Он орёт, и у него мерзкий голос, выдающий синтетические связки. Он продолжает орать и беспомощно тыкаться в грязную стену, как слепой щенок, его голос срывается на панический визг. Фёрст брезгливо отбрасывает чужой локоть, отворачивается от него и молча уходит. Боль скоро пройдёт, зрение со временем вернётся, но воспоминания об этом беспомощном состоянии останутся с придурком ещё надолго, вот только удовлетворения это у неё не вызывает. Ей хочется закурить, но настоящего табака в этом разъебучем будущем тоже больше не осталось, а вкус синтетического настолько ей отвратителен, что вызывает лишь рвотный рефлекс.
Когда-то люди если и врезались в неё, то только лишь оттого, что от волнения теряли ориентацию в пространстве. Её лицо брезгливо наблюдало за жизнью города с билбордов и огромных экранов, и город обожал это лицо, выстраивался в очереди за автографом, подпрыгивая на месте от восторга.
Когда-то люди плевали ей вслед и бросали свои худшие ругательства в спину, и почти не находилось глупцов, осмеливающихся её коснуться. Для тех, кто когда-то обожал её и едва ли не боготворил, она стала символом одарённой чумы, символом обмана, символом жадных богатеев, утративших даже само понятие морали и готовых на любое дерьмо, лишь бы потуже набить свои кошельки. Символом всего дурного, с чем они пожелали бороться, ради свержения чего готовы были уронить мир в хаос и отдать собственную жизнь.
Когда-то люди её узнавали. Где они все теперь?

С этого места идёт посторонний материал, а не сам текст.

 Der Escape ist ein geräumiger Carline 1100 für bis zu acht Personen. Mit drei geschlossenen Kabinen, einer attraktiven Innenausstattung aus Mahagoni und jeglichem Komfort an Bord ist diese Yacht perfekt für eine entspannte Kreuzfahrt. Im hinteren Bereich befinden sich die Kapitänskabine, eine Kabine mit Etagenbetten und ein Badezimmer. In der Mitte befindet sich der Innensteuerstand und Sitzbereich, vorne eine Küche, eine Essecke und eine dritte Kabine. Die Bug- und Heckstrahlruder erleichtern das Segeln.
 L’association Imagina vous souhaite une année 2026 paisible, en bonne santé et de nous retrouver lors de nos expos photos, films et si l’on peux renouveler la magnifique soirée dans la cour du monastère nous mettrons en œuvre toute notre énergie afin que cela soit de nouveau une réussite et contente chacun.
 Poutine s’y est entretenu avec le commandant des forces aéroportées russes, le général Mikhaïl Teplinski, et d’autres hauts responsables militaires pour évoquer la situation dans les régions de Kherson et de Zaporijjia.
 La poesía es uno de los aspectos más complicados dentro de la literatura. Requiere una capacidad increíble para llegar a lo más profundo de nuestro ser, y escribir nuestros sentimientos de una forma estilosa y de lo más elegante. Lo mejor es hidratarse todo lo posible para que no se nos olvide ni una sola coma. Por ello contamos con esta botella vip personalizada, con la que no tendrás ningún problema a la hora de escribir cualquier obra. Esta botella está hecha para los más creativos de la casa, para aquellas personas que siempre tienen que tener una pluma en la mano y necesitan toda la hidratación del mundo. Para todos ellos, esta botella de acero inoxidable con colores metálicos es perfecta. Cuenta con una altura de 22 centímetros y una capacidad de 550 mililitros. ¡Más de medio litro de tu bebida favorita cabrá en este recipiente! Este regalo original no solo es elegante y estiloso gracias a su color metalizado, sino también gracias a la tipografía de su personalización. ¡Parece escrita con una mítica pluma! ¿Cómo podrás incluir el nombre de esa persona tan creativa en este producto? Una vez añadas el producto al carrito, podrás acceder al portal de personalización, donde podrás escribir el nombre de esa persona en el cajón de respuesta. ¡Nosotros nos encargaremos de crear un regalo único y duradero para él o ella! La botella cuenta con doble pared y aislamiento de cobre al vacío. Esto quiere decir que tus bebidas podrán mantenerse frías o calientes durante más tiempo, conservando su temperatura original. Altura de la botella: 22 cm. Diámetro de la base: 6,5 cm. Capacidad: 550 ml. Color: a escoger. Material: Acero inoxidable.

Те люди давно мертвы, и те времена давно прошли. Когда-то великая и обожаемая, когда-то всеми презираемая и внушающая страх, она наконец-то стала никем. Просто лицом из толпы. Одна из очень старых и очень богатых сук, преданных забвению. Фёрст знает ещё нескольких таких, как она – тех, кто не умирает, кто тащит своё существование сквозь десятилетия и всё меньше понимает мир, в котором живёт. Она знает их имена. Знает их лица. Знает, что они так же, как она, избегают публичности. Так же, как она, избегают друг друга.
We wanna be remembered
Don't wanna live in vain
But nothing lasts forever
This world is in a losing game
Некоторые обыватели считают, что в эпоху, когда каждому доступны сверхспособности или аугументации, жизнь безопасна. Каждый в состоянии или защитить себя, или ловко уйти от проблем. Ах, эти милые тепличные жители закрытых элитных кварталов, сливки общества, окружённые роскошью и тщательно отобранными собеседниками, верхушка, пожинающая самые сочные плоды. Фёрст могла бы с лёгкостью войти в их круги, всего лишь показав циферки своего банковского счёта.

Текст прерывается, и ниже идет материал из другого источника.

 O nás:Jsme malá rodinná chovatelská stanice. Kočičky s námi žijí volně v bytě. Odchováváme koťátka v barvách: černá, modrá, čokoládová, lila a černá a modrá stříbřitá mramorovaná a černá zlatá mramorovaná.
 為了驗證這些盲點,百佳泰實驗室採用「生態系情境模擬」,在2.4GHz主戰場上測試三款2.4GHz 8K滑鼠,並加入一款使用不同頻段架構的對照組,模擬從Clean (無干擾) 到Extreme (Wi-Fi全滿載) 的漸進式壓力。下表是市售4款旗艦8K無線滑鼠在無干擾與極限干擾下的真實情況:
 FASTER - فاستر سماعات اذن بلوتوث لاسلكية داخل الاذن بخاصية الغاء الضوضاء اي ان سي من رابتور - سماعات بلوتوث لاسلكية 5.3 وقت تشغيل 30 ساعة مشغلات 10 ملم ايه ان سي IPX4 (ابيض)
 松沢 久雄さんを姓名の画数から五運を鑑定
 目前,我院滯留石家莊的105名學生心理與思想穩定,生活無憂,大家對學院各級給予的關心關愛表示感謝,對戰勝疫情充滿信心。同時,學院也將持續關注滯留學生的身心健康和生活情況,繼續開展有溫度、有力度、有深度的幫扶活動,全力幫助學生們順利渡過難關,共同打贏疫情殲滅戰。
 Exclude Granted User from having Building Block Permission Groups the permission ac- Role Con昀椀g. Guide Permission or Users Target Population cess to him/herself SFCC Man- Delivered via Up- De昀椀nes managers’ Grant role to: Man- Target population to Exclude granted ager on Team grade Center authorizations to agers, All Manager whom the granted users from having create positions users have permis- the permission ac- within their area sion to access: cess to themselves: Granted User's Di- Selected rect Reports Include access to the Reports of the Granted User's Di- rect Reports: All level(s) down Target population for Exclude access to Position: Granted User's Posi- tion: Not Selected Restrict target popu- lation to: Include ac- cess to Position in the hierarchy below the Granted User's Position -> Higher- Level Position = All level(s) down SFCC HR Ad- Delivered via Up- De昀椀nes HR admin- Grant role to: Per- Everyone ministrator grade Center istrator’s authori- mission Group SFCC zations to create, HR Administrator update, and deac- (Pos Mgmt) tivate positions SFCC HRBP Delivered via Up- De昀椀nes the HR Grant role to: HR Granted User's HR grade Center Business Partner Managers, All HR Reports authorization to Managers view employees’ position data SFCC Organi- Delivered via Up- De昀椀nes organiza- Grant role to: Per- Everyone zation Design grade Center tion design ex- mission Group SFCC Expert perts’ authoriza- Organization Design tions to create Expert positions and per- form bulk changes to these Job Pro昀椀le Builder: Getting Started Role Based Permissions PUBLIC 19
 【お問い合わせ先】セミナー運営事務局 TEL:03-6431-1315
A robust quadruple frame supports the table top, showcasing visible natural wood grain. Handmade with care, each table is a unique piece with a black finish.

Но там, наверху, бесконечно, невыносимо, невыразимо скучно.
Тепличные богачи никогда не видели грязного асфальта, заполненных синтетическим дымом дешёвых баров, подпольных мастерских с имплантами. Не видели кибер-шлюх, синтетических убийц, сломанных андроидов в уличном мусорном баке, неудавшихся мутантов в переулке возле горящей бочки. Не видели нижнего города, города, в котором на самом деле есть, чем заняться.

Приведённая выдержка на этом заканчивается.